▸ **Supplied information**
::::::::
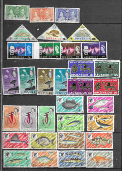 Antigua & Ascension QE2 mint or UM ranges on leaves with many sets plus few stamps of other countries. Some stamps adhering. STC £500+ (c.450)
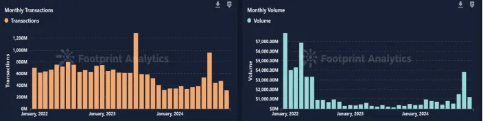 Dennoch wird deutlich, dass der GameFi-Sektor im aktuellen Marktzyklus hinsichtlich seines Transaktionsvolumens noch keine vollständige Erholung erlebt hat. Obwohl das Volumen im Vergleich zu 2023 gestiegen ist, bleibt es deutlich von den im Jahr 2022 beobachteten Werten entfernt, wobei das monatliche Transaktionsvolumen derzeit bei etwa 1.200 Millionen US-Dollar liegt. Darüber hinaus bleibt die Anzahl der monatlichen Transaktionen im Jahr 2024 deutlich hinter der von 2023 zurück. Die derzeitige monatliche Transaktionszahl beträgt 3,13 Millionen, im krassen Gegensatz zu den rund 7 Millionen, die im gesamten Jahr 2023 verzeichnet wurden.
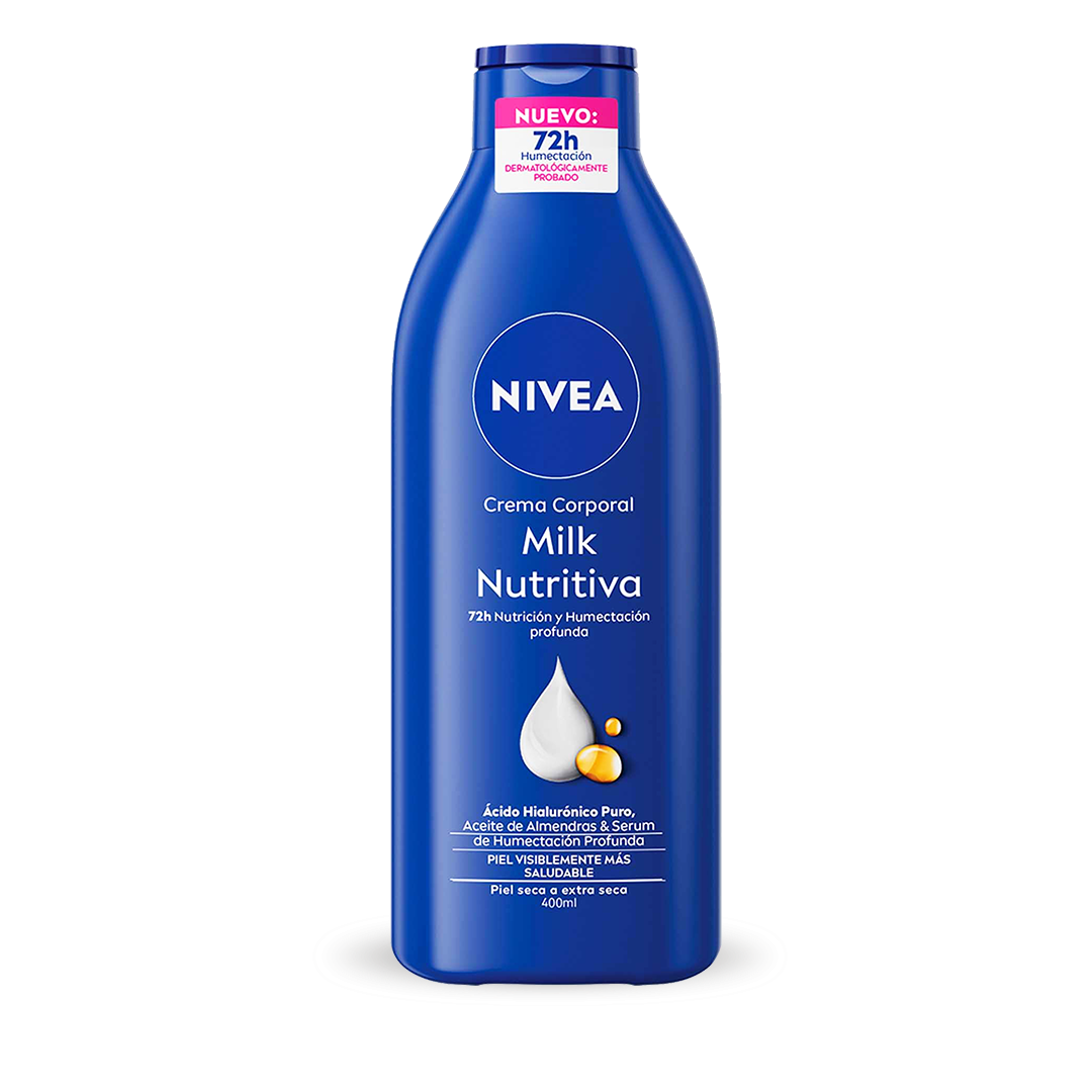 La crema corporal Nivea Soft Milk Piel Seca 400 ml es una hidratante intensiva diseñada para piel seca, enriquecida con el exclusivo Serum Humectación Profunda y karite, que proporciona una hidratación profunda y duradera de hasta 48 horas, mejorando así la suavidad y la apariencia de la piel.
::::::::
▸ **Problem**
Give the listing again word for word, but drop every picture.

▸ **Exercise answer**
 Antigua & Ascension QE2 mint or UM ranges on leaves with many sets plus few stamps of other countries. Some stamps adhering. STC £500+ (c.450)
 Dennoch wird deutlich, dass der GameFi-Sektor im aktuellen Marktzyklus hinsichtlich seines Transaktionsvolumens noch keine vollständige Erholung erlebt hat. Obwohl das Volumen im Vergleich zu 2023 gestiegen ist, bleibt es deutlich von den im Jahr 2022 beobachteten Werten entfernt, wobei das monatliche Transaktionsvolumen derzeit bei etwa 1.200 Millionen US-Dollar liegt. Darüber hinaus bleibt die Anzahl der monatlichen Transaktionen im Jahr 2024 deutlich hinter der von 2023 zurück. Die derzeitige monatliche Transaktionszahl beträgt 3,13 Millionen, im krassen Gegensatz zu den rund 7 Millionen, die im gesamten Jahr 2023 verzeichnet wurden.
 La crema corporal Nivea Soft Milk Piel Seca 400 ml es una hidratante intensiva diseñada para piel seca, enriquecida con el exclusivo Serum Humectación Profunda y karite, que proporciona una hidratación profunda y duradera de hasta 48 horas, mejorando así la suavidad y la apariencia de la piel.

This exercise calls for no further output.